Но это также привело к расколу, борьбе за власть и тому типу инакомыслия, который в прошлом открыл ворота религиозному насилию. Сегодня мы можем относиться к этому немного тоньше, чем это было во времена Салемских процессов над ведьмами или крестовых походов, но попытка гиперрационализировать веру по-прежнему оставляет после себя много побочного человеческого ущерба. Просто спросите одного из миллионов, которые заявляют об эмоциональном насилии или пренебрежении, когда религиозный лидер или даже член семьи поставил их веру выше человечности «другого».”

Так что, поскольку постмодернистское богословие стремится отойти от этой деструктивной модели веры, я полностью за это. Дедуктивные подходы к вере, которые требуют, чтобы мы зафиксировали истину (кажется, у нас есть история этого, не так ли?), привели к большому ущербу на личном уровне, а также раскололи Вселенскую Церковь на фрагментарный беспорядок, а не динамичный и разнообразный организм, оставляющий место для широты религиозного опыта и мысли.

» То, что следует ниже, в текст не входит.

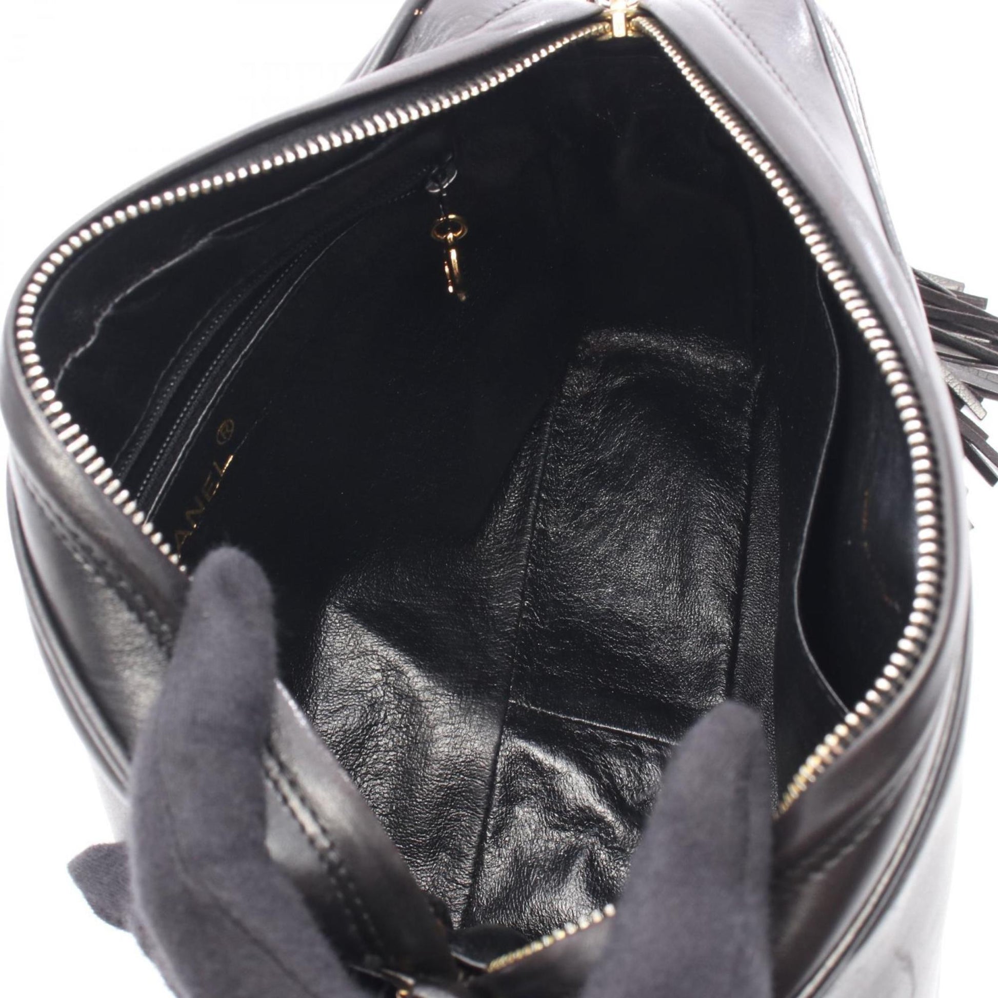 Brand: Chanel | Material: LEATHER | Color: BLACK | Dimensions: Length 6cm x Height 17cm x Width 22.5cm | This item is 100% authentic and has been thoroughly inspected. Perfect for fashion enthusiasts who appreciate luxury and quality.
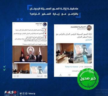 ما حقيقة إزالة الصور المسيئة لاردوغان بالتزامن مع زيارة سفيره؟M.alnajem3 فبراير، 2022الخبر صحيح والصورة منتشرة في عدة شوارع بمدينة بنغازي وتمت إزالة هذه الصورة قبيل زيارة السفير التركي لمدينة بنغازي. انتشر ... المزيد
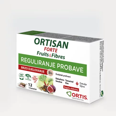 Ortisan forte voćne kocke su dodatak prehrani s biljnim sastojcima koji pomažu pri procesu probave, doprinose normalnoj funkciji crijeva te ublažavaju tegobe nadutosti i tvrde stolice. ortisan forte voćne kocke sadrže plod smokve, koncentrat pulpe tamarinda, suhi ekstrakt korijena kineske rabarbare, pšenični sirup, suhi ekstrakt ploda kima te koncentrat ploda šljive. Ne sadrže konzervans.
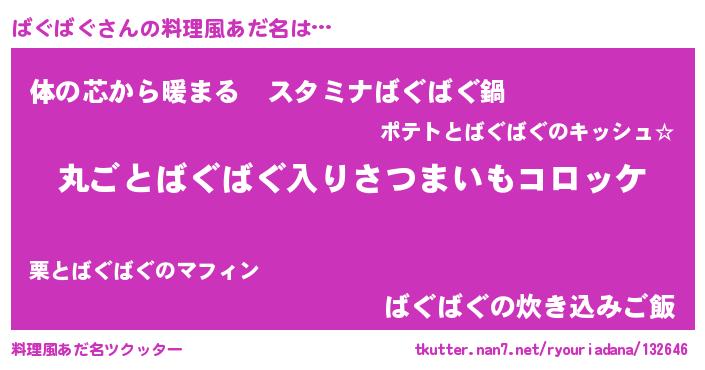 | 胡散臭い通販商品みたいなあだ名 | 『世界中を虜にした100年もののヴィンテージワイン…その名も「ばぐばぐ」』 |
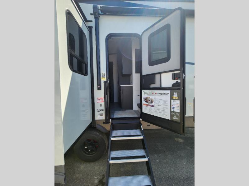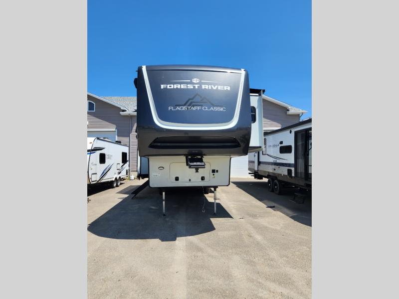 Each one of these Forest River Flagstaff Classic fifth wheels or travel trailers will be your home on wheels! Their quality craftsmanship and attention to detail shines through the surface-coated steel I-beam frame on fifth wheels, the enclosed underbelly, the radius roof with vaulted interior ceilings, and six-sided fully aluminum-framed floor, walls, and roof. Towing your unit will be easy with the torsion axle, Rubber-Ryde suspension, and nitrogen-filled Goodyear Endurance tires. You will even reduce your use of water with the Showermiser water saving system in the bathroom. A few other convenient features you will enjoy include a control panel with WeRV app control, designer headboard and bedding, and an outside hot and cold water port. Come choose your favorite one today!
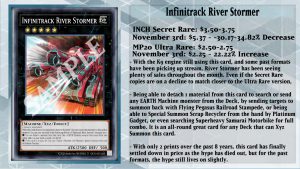 Even with Flying Pegasus Railroad Stampede only being from Legendary Duelists: Sister of the Roses and Legendary Season 2, and Urgent Schedule being in the previously mentioned set and having an additional reprint in Maximum Gold: El Dorado, it’s been more than enough time to reprint these cards in a new rarity and import the Alternate Artwork for Flying Pegasus. Then with Infinitrack River Stormer, this card has only been seen in The Infinity Chasers and 2020 Tin of Lost Memories. It’ll be the perfect time to reprint this card soon, with some using it with the K9 package to search for any EARTH Machine in the game.
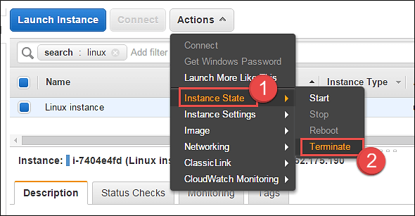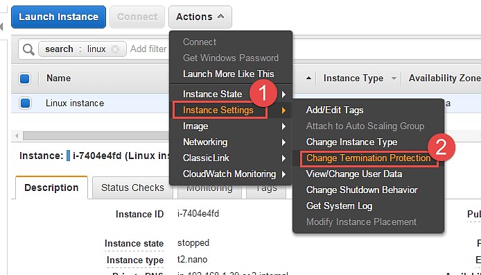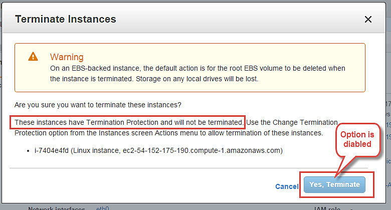 如果您不小心点击了终止实例选项,AWS 将会增加额外的安全层。

Дело в том, что у меня есть собственные опасения, что это движение рискует превратиться в то, от чего оно стремится дистанцироваться. В то время как есть большая потенциальная польза в том, чтобы бросить вызов или даже активно деконструировать все, от нашего образа Бога до нашего представления обо всех вещах сверхъестественного или чудесного, есть также риск того, что мы в конечном итоге пустимся в наш собственный богословский крестовый поход по «выжженной земле». стремясь вырвать из разговора все метафизические мысли и обесценить все, что выходит за рамки эстетического опыта и фундаментальной человеческой морали.

Это бордовая кисть, я знаю, и это не означает, что все движение становится своего рода гиперрациональным ответом на побочный продукт предыдущего гиперрационализма. Но семена есть, как я время от времени наблюдал. Эми остро заметила, что в этом, как и во многих других движениях внутри организованной религии, преобладают преимущественно англо-мужчины. Конечно, за столом есть и другие голоса, но только при просмотре списка основных докладчиков на мероприятии в эти выходные половина избранных докладчиков кажутся белыми мужчинами. Эми предположила, не делая никаких конкретных выводов, что если преобладание мужских голосов имеет какое-то отношение к моему восприятию, то мы рискуем скатиться к этой новой итерации гиперрациональности.

Это застало меня врасплох. Но я думаю, что, возможно, она права. Как она отметила (признавая, что это обобщения, которые не всегда применимы), по нашему опыту, женщины, как правило, более комфортно чувствуют тайну, открытость и более индуктивные мыслительные процессы, в то время как мужчины более склонны искать и определять определенность, возможно, даже с риском альтернативных точек зрения или нескольких сосуществующих истин.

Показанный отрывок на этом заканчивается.